GzmA, GzmB, and perforin expressions in the corneas and TG of the infected WT and CD80^-/- mice. (A,B) Expression levels of GzmA in the infected corneas and TG. WT and CD80^-/- mice were infected as described in Figure 2. The total RNA was isolated from each cornea and TG. GAPDH expression was used to normalize expression levels of GzmA transcripts in the corneas and TG of the ocularly infected mice. Where GzmA transcript levels in the corneas had no significant differences, GzmA in the TG on day 7 PI was higher in the WT (HSV-CD80 virus-infected) mice as compared to the WT (dLAT2903 virus-infected) mice; (C,D) expression levels of GzmB in the infected corneas and TG. WT and CD80^-/- mice were infected as described in Figure 2. The total RNA was isolated from each cornea and TG. GAPDH expression was used to normalize expression levels of GzmB transcripts in the corneas and TG of the ocularly infected mice. GzmB transcript levels in the corneas and TG had no significant differences in all the infected mice groups (p > 0.05); and (E,F) expression levels of Perforin in the infected corneas and TG. WT and CD80^-/- mice were infected as described in Figure 2. The total RNA was isolated from each cornea and TG. GAPDH expression was used to normalize expression levels of perforin transcripts in the corneas and TG of the ocularly infected mice. Perforin transcript levels had no significant differences at any point of the day (p > 0.05).

Figure 8

Absence of CD80 or LAT does not affect survival and eye disease. (A) Eye disease.
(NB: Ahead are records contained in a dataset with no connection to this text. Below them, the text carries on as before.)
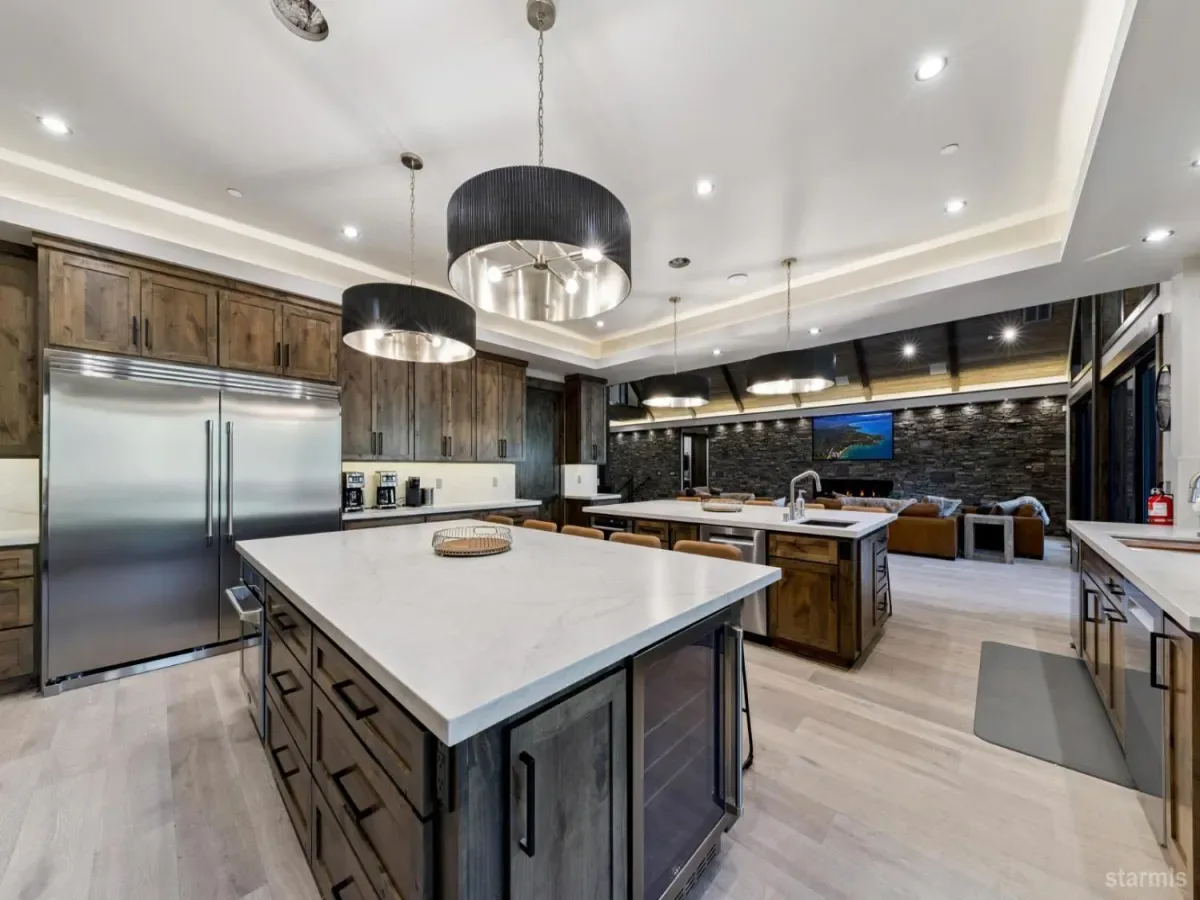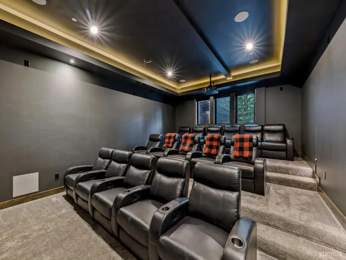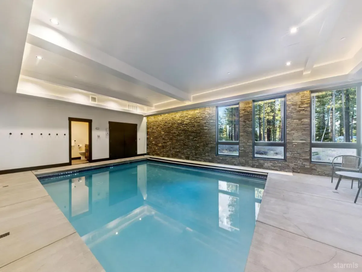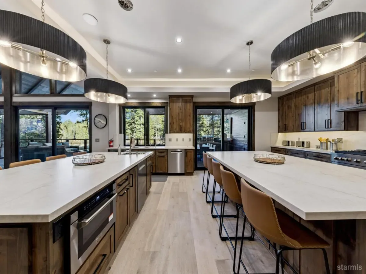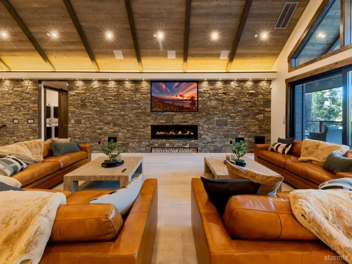 Backing to Bijou Golf Course on a flat, highly usable .63-acre parcel, this newly completed estate by Bob McIntyre reflects one of Tahoe’s most tenured and respected builders, known for delivering grand alpine homes that balance scale, function, and design. The approach is defined by layered rooflines, a thoughtful mix of vertical and horizontal cedar siding in a rich stain, black-framed windows, and substantial natural stone that grounds the home in its setting. – – The main living level opens with volume and warmth, featuring cathedral ceilings, exposed beams, and a wall of glass framing the golf course, surrounding pines, and filtered views toward Heavenly Ski Resort. A linear stone fireplace anchors the great room, which flows into a dining area designed for large gatherings, supported by additional cabinetry, beverage storage, and service space. The kitchen is built for real use at scale with dual islands, three dishwashers, dual 48-inch ranges, an additional wall oven, 72-inch built-in refrigeration, and a full walk-in pantry, offering both performance and efficiency whether hosting or unwinding. A covered rear deck extends the living space with composite decking, built-in BBQ, cooktop, pizza oven, and ample room for dining and lounge areas. – – The lower level is dedicated to entertainment, with over 3,400-sf designed to bring people together. A full walk-behind bar with seating for eleven anchors the space, complemented by multiple game areas, a theater room with high-end audio, and a wall of glass connecting to an indoor pool and steam suite. A 1,500-sf covered deck with fire feature and spa extends the experience outdoors, with a backyard designed for additional recreation. – – All 11 bedrooms are en suite, offering consistent comfort and privacy, with select suites featuring fireplaces or deck access. A separate-entry unit provides flexibility for extended stays or caretaker use with ADA-friendly design. Additional features include a tandem 4-car garage, dual laundry rooms, and a planned elevator connecting the garage to the main living level. – – Spanning 10,303-sf, the home is currently operating as a high-performing vacation rental with strong 2026 bookings already in place. A rare combination of scale, usability, and proven performance.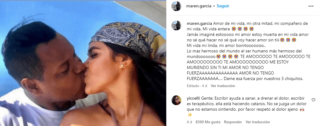 «Amor de mi vida, mi otra mitad, mi compañero de mi vida. Mi vida entera. Jamás imaginé estooooo mi amor estoy muerta en mi vida amor, no sé qué hacer no sé qué voy hacer amor sin tí. Mi vida mi linda, mi amor bonitooooooo. Lo más hermoso del mundo, el ser humano más hermoso del mundooooooo», escribió ella en su perfil de Instagram, como descripción de una foto en la que aparecen dándose un beso.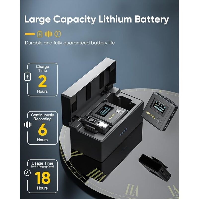 - Extended Battery Life: : With up to 9 hours of operating time for one RX and TX. Furthermore, the fully charging case can recharge the entire microphone set twice, providing extended usage and convenience for outdoor activities and all-day live streaming.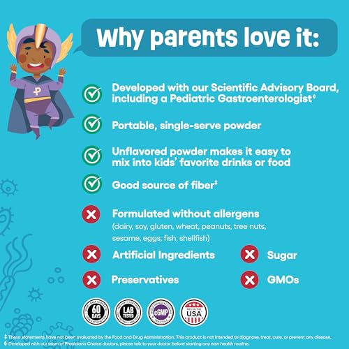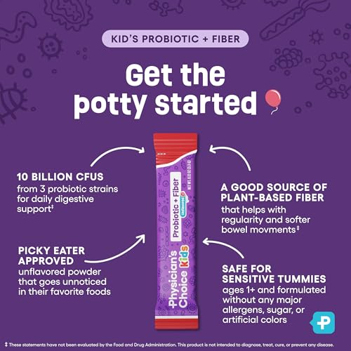 Specification: Physician’s Choice Kids Probiotic + Prebiotic Fiber Packets (Ages 1+) – Supports Regularity, Occasional Constipation & A Healthy Digestive System – No Allergens or Preservatives – Unflavored – 24 Pack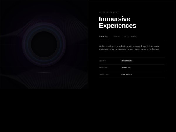 A high-end dual-column feature section featuring a stylized play button, background image overlays with blur effects, and detailed project meta-information. Ideal for showcasing immersive development or cinematic case studies.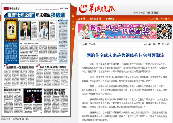 2014年12月12日,《羊城晚報》第A19版《房產(chǎn)》報道:《網(wǎng)購住宅成未來趨勢 鋼結(jié)構(gòu)住宅引領(lǐng)潮流》。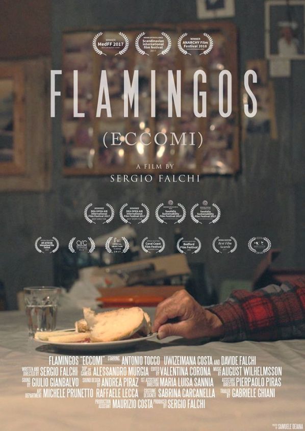 Sinossi: Un vecchio, burbero pescatore incontra una ragazzina migrante in fuga, che si nasconde nel suo capanno da pesca. Dopo un momento di paura, il vecchio soccorrerà la ragazzina e pian piano entrambi, quasi senza parole, comunicheranno semplicemente. Alla fine una nuova consapevolezza renderà capace il vecchio di illustrare un sottile parallelismo tra i fenicotteri in volo e i migranti, il tutto narrato al proprio nipote. Le migrazioni come fenomeni naturali e imprescindibili. La quotidianità e le convinzioni messe alla prova quando alle notizie si sostituisce la realtà, quando il bisogno bussa alla nostra porta. I fenicotteri come metafora dell’integrazione, simbolo e vanto della Sardegna sono anche essi in realtà migranti ora stabilitisi qui.

Thirty-two eyes from and WT (HSV-CD80 virus-infected), CD80^-/- (HSV-CD80 virus-infected), and CD80^-/- (dLAT2903 virus-infected) mice and twenty-six eyes from WT (dLAT2903 virus-infected) mice were used to measure corneal scarring (CS). The severity of CS in mouse corneas was examined in all groups by slit lamp biomicroscopy. The CS severity was scored on day 28 PI from three independent experiments. All the infected mice groups were not significantly different from one another (p > 0.05). CS is based on 48 eyes for the WT mice infected with HSV-CD80 virus and the CD80^-/- mice infected with HSV-CD80 and dLAT2903 viruses, while CS in the WT mice infected with dLAT2903 virus is based on 46 eyes; and (B) mice survival. The mice were ocularly infected as described above. Survival of the WT and CD80^-/- mice was monitored over a 28-day period after infection. There were no differences in survival among all the infected mice groups (p > 0.05). Survival is based on three independent experiments.

Figure 9

The latent gB DNA and duration of explant reactivation following ocular infection of WT and CD80^-/- mice. (A) gB DNA copy numbers in the latent TG. Forty TG from each infected mice group were isolated on day 28 PI. Expressions of gB DNA were determined using qPCR, and gB copy numbers were measured as described in Section 2. gB DNA copy numbers were higher in the WT mice infected with dLAT2903 virus compared with the CD80^-/- mice infected with dLAT2903 virus (p = 0.03). No differences were detected in the WT and CD80^-/- mice infected with HSV-CD80 virus (p > 0.05); and (B) explant reactivation in the latent TG. On day 28 PI, the TG from the infected WT and CD80^-/- mice were isolated and incubated in 1.5 mL of tissue culture media at 37 °C, and the presence of infectious virus was monitored as described in Section 2. The results are shown as the number of the TG that reactivated daily. Each point represents mean reactivated TG ± SEM of 20 TG from each mice group infected and from two independent experiments. There were no differences in reactivation (p > 0.05).